## Activity
No pictures belong in the copy. Set down exactly the lines from the one that contains "12月12日,在河北省石家庄市桥西区,行人冒雪出行。" through the end of the data.

## Input data
* * * * * * *
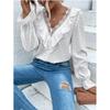 Spring New Elegant Lace Splicing Jacquard Shirt Long Sleeved White Sweet Women Blouse Ruffled Loose Tops Fashion Dots Simple Clothing
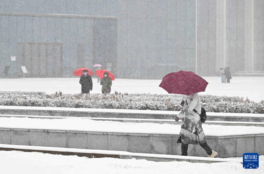 12月12日,在河北省石家庄市桥西区,行人冒雪出行。
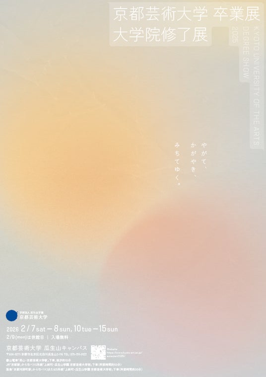 本学の通学課程では、2026年2月7日(土)から15日(日)まで「京都芸術大学 卒業展・大学院修了展」を開催します。同展では80,000平方メートル を超える瓜生山キャンパスで学生たちの卒業制作作品を一堂に展示。会期中には、学科ごとに教員やゲスト講師による講評会を対面・オンラインで実施します。
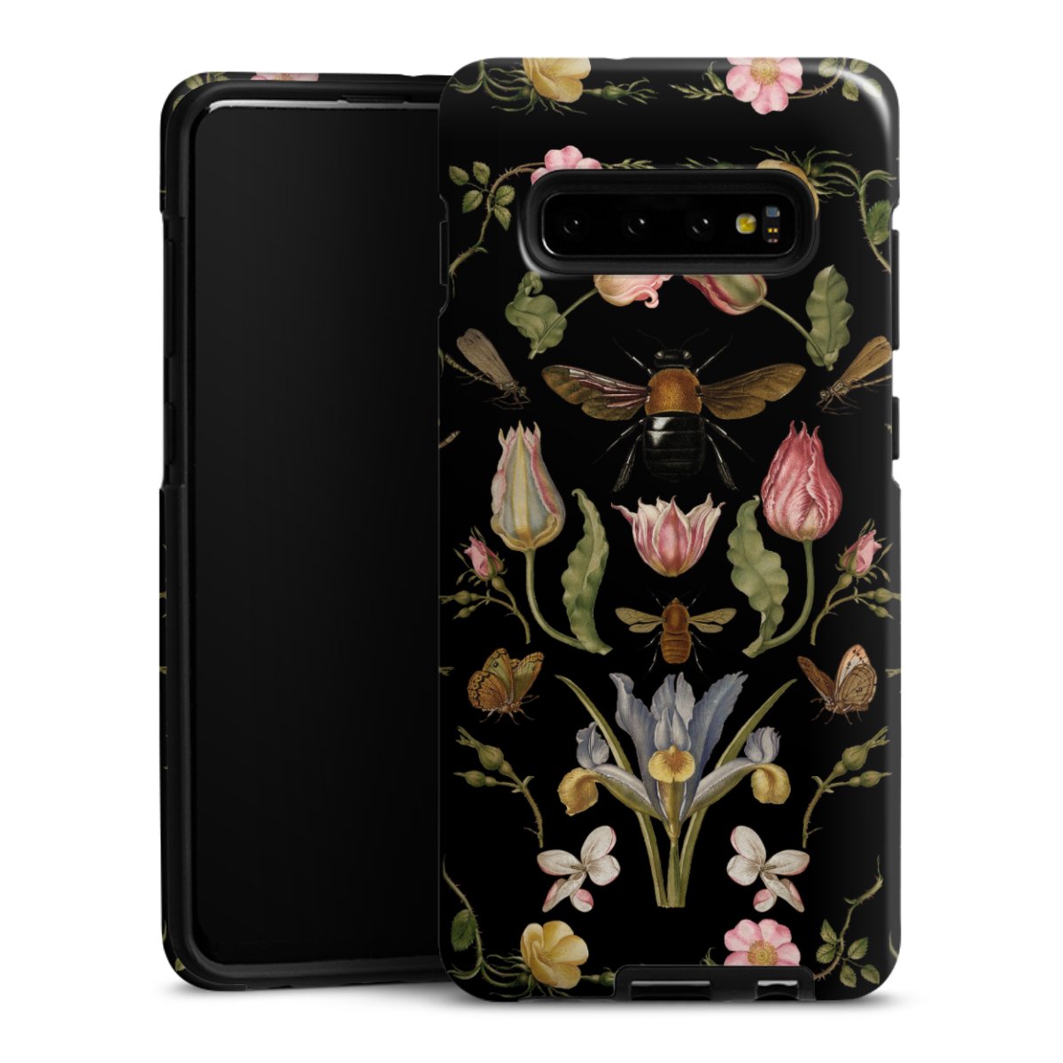 Bei dieser Handyhülle nutzen wird den besonders langlebigen Sublimationsdruck. Dieses raffinierte Druckverfahren sticht durch sein hochwertiges, gestochen scharfes Druckbild in brillanten Farben hervor. Der Druckbereich umfasst die ganze Hartschale inklusive der Ecken und Kanten, lediglich der Silikon-Einleger bleibt einfarbig schwarz. Wähle für Dein Design entweder eines unserer exklusiven Shop-Motive, oder werde kreativ und gestalte Dein Wunschdesign zum Beispiel mit Fotos und Overlays selbst.
* * * * * * *
## Output for this exercise
 12月12日,在河北省石家庄市桥西区,行人冒雪出行。
 本学の通学課程では、2026年2月7日(土)から15日(日)まで「京都芸術大学 卒業展・大学院修了展」を開催します。同展では80,000平方メートル を超える瓜生山キャンパスで学生たちの卒業制作作品を一堂に展示。会期中には、学科ごとに教員やゲスト講師による講評会を対面・オンラインで実施します。
 Bei dieser Handyhülle nutzen wird den besonders langlebigen Sublimationsdruck. Dieses raffinierte Druckverfahren sticht durch sein hochwertiges, gestochen scharfes Druckbild in brillanten Farben hervor. Der Druckbereich umfasst die ganze Hartschale inklusive der Ecken und Kanten, lediglich der Silikon-Einleger bleibt einfarbig schwarz. Wähle für Dein Design entweder eines unserer exklusiven Shop-Motive, oder werde kreativ und gestalte Dein Wunschdesign zum Beispiel mit Fotos und Overlays selbst.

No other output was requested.